Thursday, July 31, 2014

High Tea at Burrowye - Or what will REAL reconciliation take


Perhaps it was the rhyming of tea and Burrowye that had the regional ABC reporter who interviewed me at 7.30 am so completely disinterested in the purpose of this event. 
Charlotte Houston from Burrowye (see earlier post) had invited me to a festival at Burowye Station at which I was going to appear as Isabella Robertson. We had a few loose emails back and forth about how this would unfold, possibly involving a dialogue between myself and Charlotte in characters not our own.
What started out as a 'salon' was rebranded along the way. 
According to Wikipedia 'A Salon is a gathering of people under the roof of an inspiring host, held partly to amuse one another and partly to refine the taste and increase the knowledge of the participants through conversation.'
Charlotte was definitely an inspiring host. With new baby Dora on her hip she arranged beautiful food, 'bone tea' in fine bone china, a massage room complete with masseur, a shop The Burrowye Store, selling local produce, introductions to the gathering guests and then finally found time to dress in her wedding dress as well as baby Dora in her christening clothes that had been finely knitted by James's Grandmother, all ready for the salon.
Beautiful food by Rochene
Equally beautiful music
Dressing as Isabella held its own difficulties as the corset which I wore underneath the high necked 1800's costume didn't let me sit down for more than a few minutes without cutting off my airways.
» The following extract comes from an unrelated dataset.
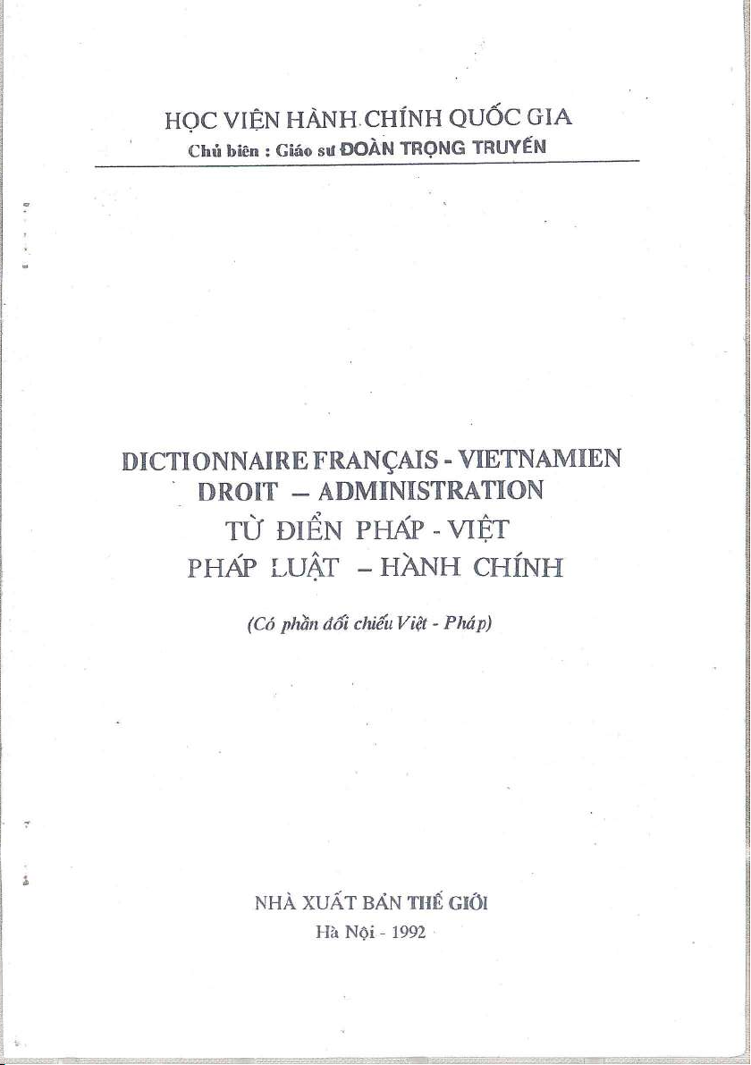 Từ điển Pháp - Việt: Pháp luật – Hành chính | Trường Đại học Luật, Đại học Quốc gia Hà Nội
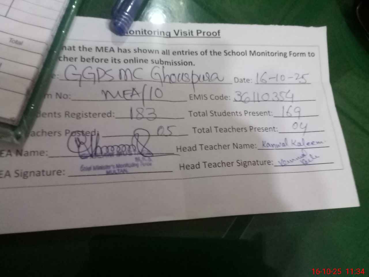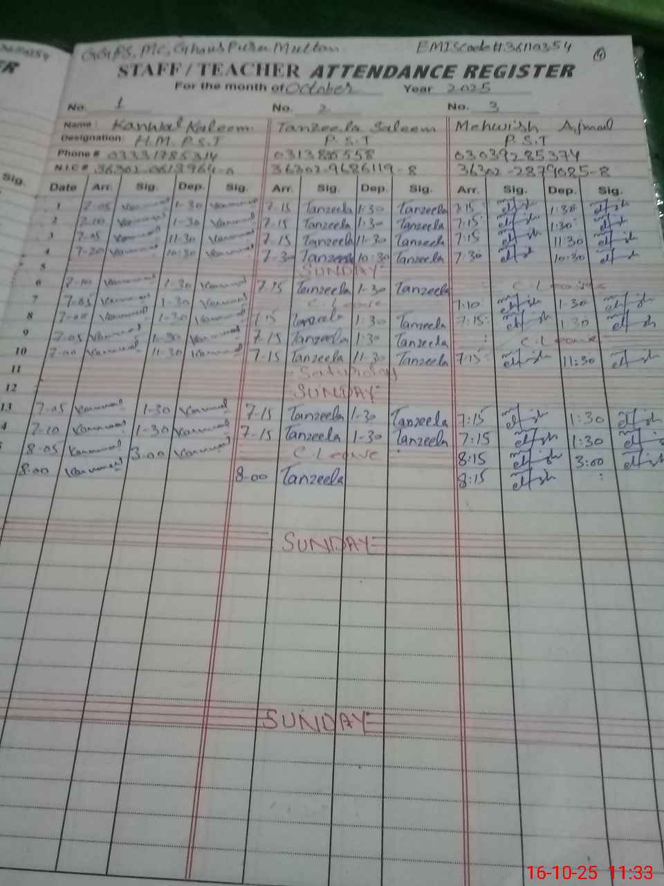 | EMIS Code: 36110354 | Name of School: GGPS MC GHOUS PURA | |||

I understood how women from that time had fainted from having too tight a corset. I hadn't had the obligatory lower rib removed. When we were all assembled in the drawing room there were approximately 25 to 30 people, mostly squatters and their families from the area sitting in balloon back chairs in the very location that my great grandparents had most likely held similar style of salons. However the purpose of this salon was very different.
Charlotte looking appropriately like an angel
I began by introducing myself and telling the story of my project KELOID including the meaning of its name. Keloid is variously used to describe both an unsightly scar from the healing of a wound, and a sign of initiation or significant life event. The intention of this project is to produce a 'beautiful scar' through the healing of a wound as the outcome of recognition and acknowledgement.
I spoke about how I had come to realise that my family were directly involved in the occupation of this country, even the country that we were standing on, and how through my marriage to Les, I had directly witnessed the impact of that on Aboriginal people as intergenerational trauma.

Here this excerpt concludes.